(Beginning of Given material)

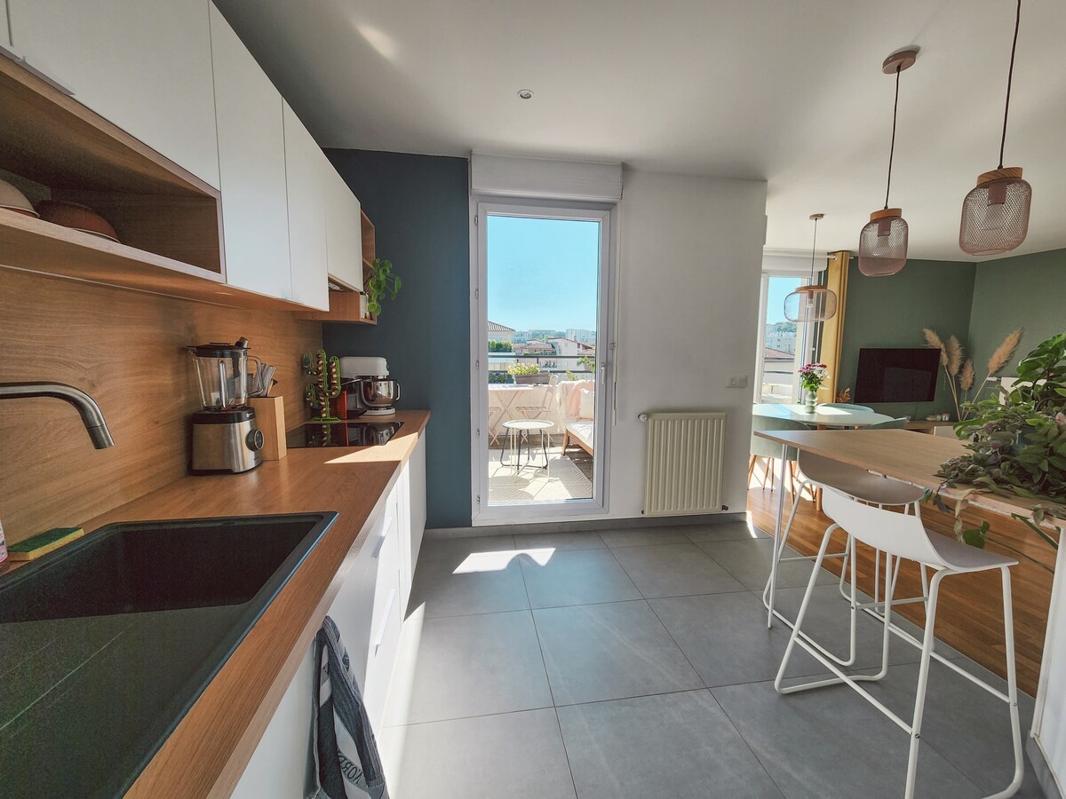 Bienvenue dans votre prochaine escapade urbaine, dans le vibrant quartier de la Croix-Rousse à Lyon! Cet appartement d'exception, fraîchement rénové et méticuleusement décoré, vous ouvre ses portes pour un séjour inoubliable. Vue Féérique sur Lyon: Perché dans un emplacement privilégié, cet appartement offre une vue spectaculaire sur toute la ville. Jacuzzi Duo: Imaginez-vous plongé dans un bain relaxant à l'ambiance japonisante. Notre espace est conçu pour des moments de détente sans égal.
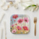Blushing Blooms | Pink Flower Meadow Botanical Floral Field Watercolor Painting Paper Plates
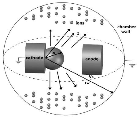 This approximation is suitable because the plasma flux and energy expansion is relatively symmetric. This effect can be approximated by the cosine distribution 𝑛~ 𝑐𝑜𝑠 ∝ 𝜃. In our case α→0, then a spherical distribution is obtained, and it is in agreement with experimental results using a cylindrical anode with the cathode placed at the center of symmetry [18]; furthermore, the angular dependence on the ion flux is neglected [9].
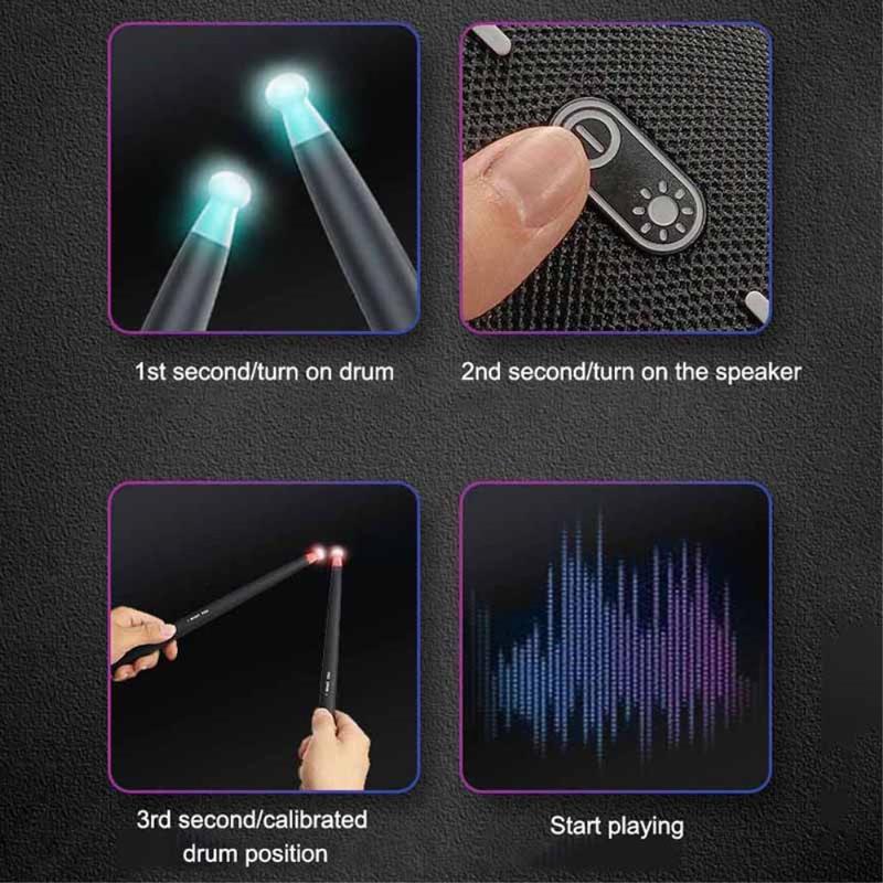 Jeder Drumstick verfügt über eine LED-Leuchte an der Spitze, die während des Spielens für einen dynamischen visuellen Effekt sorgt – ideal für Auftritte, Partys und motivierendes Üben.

(End of Given material)

# [Prompt]
Print the listing exactly, but skip its pictures.

# [Answer to this task]
 Bienvenue dans votre prochaine escapade urbaine, dans le vibrant quartier de la Croix-Rousse à Lyon! Cet appartement d'exception, fraîchement rénové et méticuleusement décoré, vous ouvre ses portes pour un séjour inoubliable. Vue Féérique sur Lyon: Perché dans un emplacement privilégié, cet appartement offre une vue spectaculaire sur toute la ville. Jacuzzi Duo: Imaginez-vous plongé dans un bain relaxant à l'ambiance japonisante. Notre espace est conçu pour des moments de détente sans égal.
Blushing Blooms | Pink Flower Meadow Botanical Floral Field Watercolor Painting Paper Plates
 This approximation is suitable because the plasma flux and energy expansion is relatively symmetric. This effect can be approximated by the cosine distribution 𝑛~ 𝑐𝑜𝑠 ∝ 𝜃. In our case α→0, then a spherical distribution is obtained, and it is in agreement with experimental results using a cylindrical anode with the cathode placed at the center of symmetry [18]; furthermore, the angular dependence on the ion flux is neglected [9].
 Jeder Drumstick verfügt über eine LED-Leuchte an der Spitze, die während des Spielens für einen dynamischen visuellen Effekt sorgt – ideal für Auftritte, Partys und motivierendes Üben.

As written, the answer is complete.